Я наклонилась к ней и взяла её на руки – она не удивилась и только послушно поджала свои короткие ножки, пока я вытаскивала её из-за стола, пока несла её, неожиданно тяжёлую и очень горячую, какими бывают только маленькие дети, щенки и котята; её мягкие спутанные после сна волосы щекотали мне подбородок.
– Крутой Уокер, – просипела я почти уже беззвучно, задыхаясь, усаживая девочку на колени к её остолбеневшей матери, – Чак Норрис, – и, вернувшись к кровати, сдёрнула смятую, ещё тёплую свою перепачканную подушку и швырнула её прямо на стол, в уютно составленные тарелки и чашки.

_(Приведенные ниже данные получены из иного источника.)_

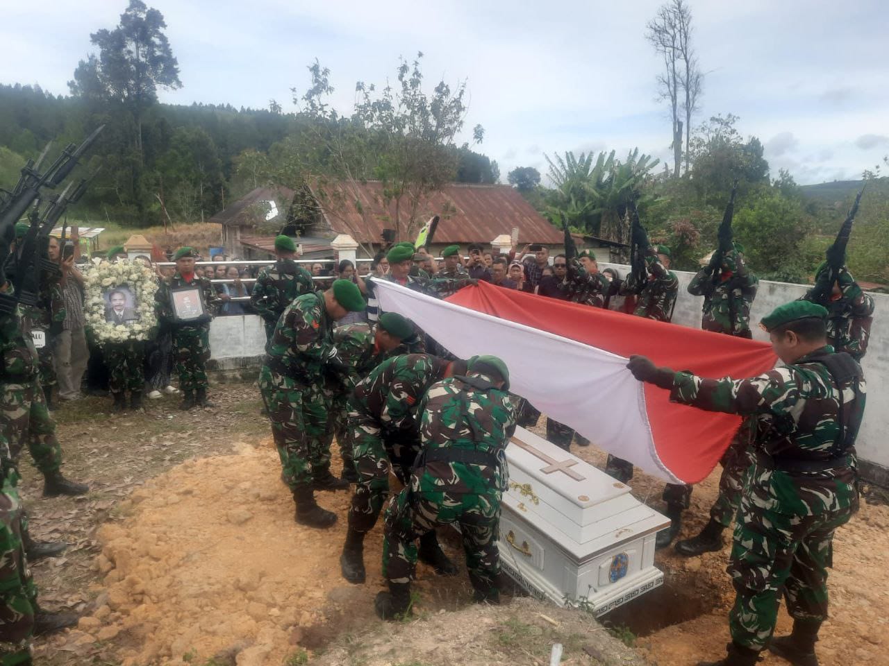 Prosesi upacara pemakaman secara militer bertempat di Desa Aek raja 3 Kecamatan Parmonangan Kabupaten Taput Provinsi Sumatera Utara, Rabu (30/10/2024)
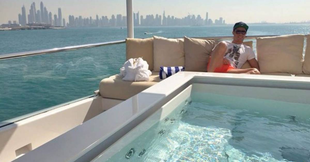 El delantero compartió en redes sociales una fotografía en un yate 'Pasando un buen tiempo en Dubai', escribió.

На пол с мелодичным звоном посыпались ложки, а я обернулась к мальчику, сидевшему на второй подушке, – он поднял на меня круглые, потемневшие от страха, совершенно Серёжины глаза – и взгляд этот остановил меня и отбросил назад, к двери. Уже хватаясь за ручку, я услышала, как запертый в лёгких воздух наконец со свистом вырывается наружу через сдавленное горло и как Пёс с негромким, сосредоточенным чавканьем слизывает с пола прилипшие к доскам кусочки рыбы, и выбежала, не оборачиваясь, в белесый морозный день, оставив дверь распахнутой настежь, в три прыжка добралась до края кособоких дощатых мостков и бросилась вниз, к озеру, провалившись в снег по колено, и побежала – зигзагами, как бессмысленный испуганный заяц, со стучащим в ушах сердцем, ослепленная яростью и страхом одновременно.

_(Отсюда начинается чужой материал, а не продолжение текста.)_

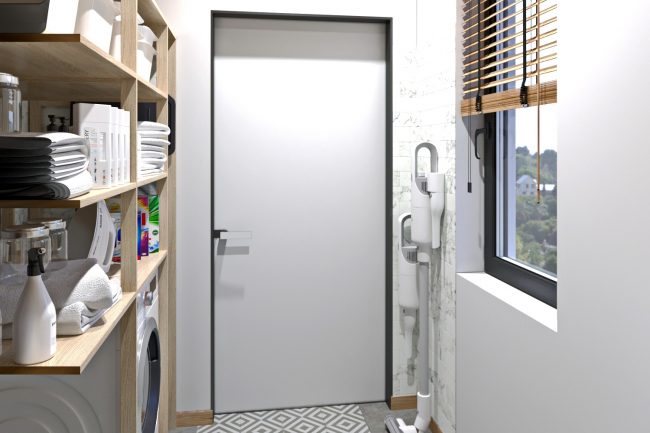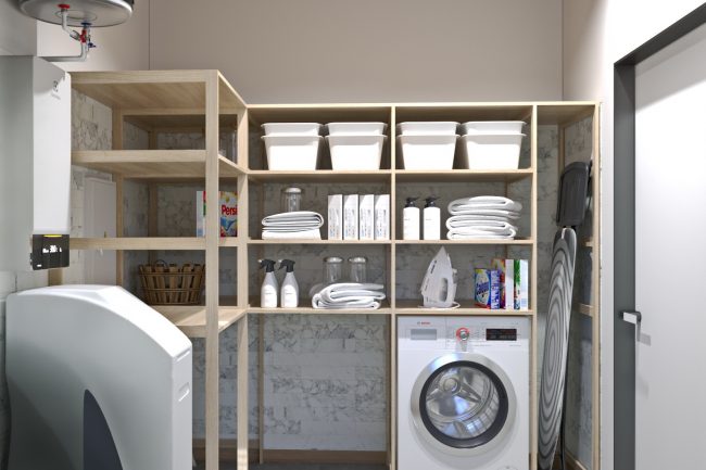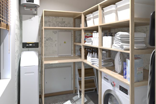 - Pomieszczenie techniczne — kompaktowe i funkcjonalne, przeznaczone do przechowywania sprzętu AGD oraz komunikacji.

Я бежала и бежала, долго, захлебываясь ледяным встречным ветром, и даже, кажется, кричала – громко, раздельно, не-на-ви-жу, не-на-ви-жу! – и отрывистые эти выкрики, едва сорвавшись с губ, седлали волны обжигающего холодного воздуха и уносились обратно, к оставшейся позади скособоченной мерзкой конуре; я бежала и кричала, чувствуя, как вместе с криком распрямляется у меня внутри какая-то заржавевшая, закисшая пружина и освободительные, жаркие слёзы разлетаются в стороны и падают вниз, даже не касаясь щёк.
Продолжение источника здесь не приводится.